A single number is the whole answer: the count of lines in these entries that hold "same".

Records for processing
* * * * *

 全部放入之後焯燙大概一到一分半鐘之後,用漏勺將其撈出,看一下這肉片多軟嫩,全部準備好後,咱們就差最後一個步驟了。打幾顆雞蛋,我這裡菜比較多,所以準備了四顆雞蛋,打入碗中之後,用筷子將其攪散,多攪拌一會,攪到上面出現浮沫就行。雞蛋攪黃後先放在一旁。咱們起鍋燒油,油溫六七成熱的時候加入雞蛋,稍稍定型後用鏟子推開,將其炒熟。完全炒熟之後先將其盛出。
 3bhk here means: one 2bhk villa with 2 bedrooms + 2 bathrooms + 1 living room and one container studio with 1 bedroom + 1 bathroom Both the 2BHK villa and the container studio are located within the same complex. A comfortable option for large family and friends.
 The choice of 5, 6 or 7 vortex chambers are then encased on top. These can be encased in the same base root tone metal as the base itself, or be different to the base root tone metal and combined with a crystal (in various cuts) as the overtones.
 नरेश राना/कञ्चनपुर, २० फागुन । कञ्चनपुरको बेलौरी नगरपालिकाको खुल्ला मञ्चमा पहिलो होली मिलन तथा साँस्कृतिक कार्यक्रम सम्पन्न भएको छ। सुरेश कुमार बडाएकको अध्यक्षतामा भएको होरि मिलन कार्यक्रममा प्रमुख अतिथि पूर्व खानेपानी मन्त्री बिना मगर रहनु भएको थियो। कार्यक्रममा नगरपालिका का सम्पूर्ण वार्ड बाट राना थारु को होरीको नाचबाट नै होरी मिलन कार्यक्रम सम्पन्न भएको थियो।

* * * * *

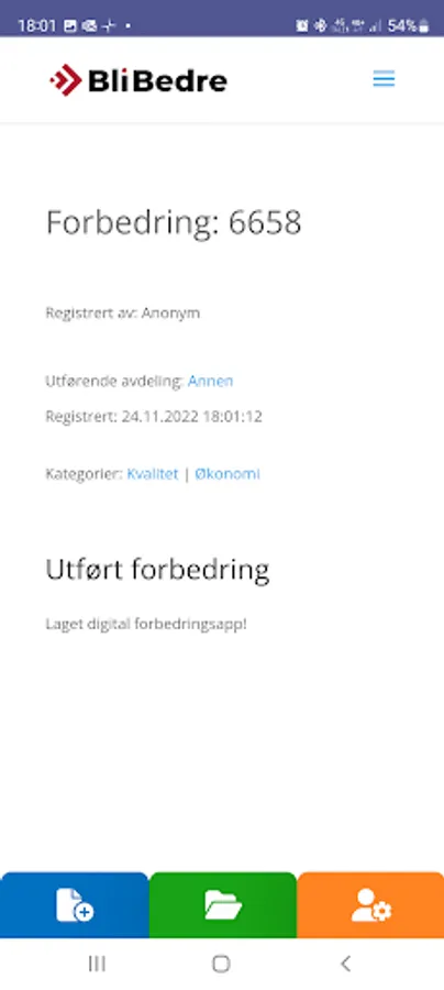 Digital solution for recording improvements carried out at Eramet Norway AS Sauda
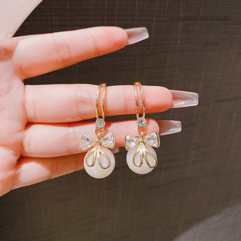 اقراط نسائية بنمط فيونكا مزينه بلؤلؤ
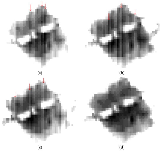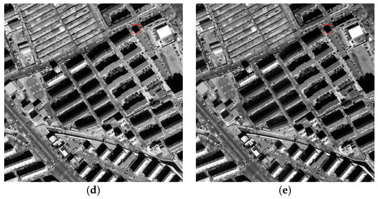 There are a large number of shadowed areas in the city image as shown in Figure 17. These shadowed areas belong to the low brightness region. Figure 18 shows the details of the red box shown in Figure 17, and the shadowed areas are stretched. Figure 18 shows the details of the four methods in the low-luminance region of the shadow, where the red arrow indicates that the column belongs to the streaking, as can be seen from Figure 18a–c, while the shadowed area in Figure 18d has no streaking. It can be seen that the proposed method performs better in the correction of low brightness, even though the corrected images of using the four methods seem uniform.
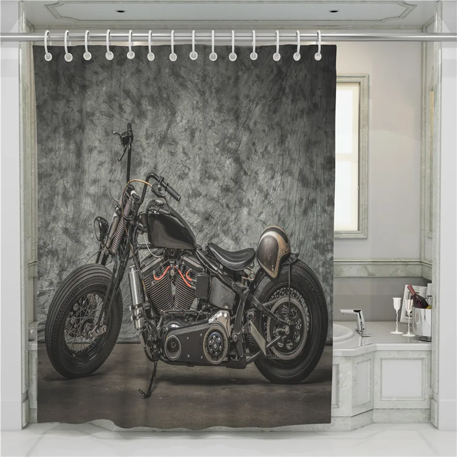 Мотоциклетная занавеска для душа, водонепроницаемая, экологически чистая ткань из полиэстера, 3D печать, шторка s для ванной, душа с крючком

* * * * *

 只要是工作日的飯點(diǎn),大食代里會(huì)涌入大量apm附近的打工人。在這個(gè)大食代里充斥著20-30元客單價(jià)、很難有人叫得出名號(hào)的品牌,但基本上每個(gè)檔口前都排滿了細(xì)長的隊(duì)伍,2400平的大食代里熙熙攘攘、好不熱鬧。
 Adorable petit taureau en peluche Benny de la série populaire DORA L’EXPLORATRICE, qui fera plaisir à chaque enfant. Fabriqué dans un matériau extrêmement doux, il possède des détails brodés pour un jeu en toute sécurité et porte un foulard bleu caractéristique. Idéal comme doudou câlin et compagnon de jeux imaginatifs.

* * * * *

Solution to the exercise
2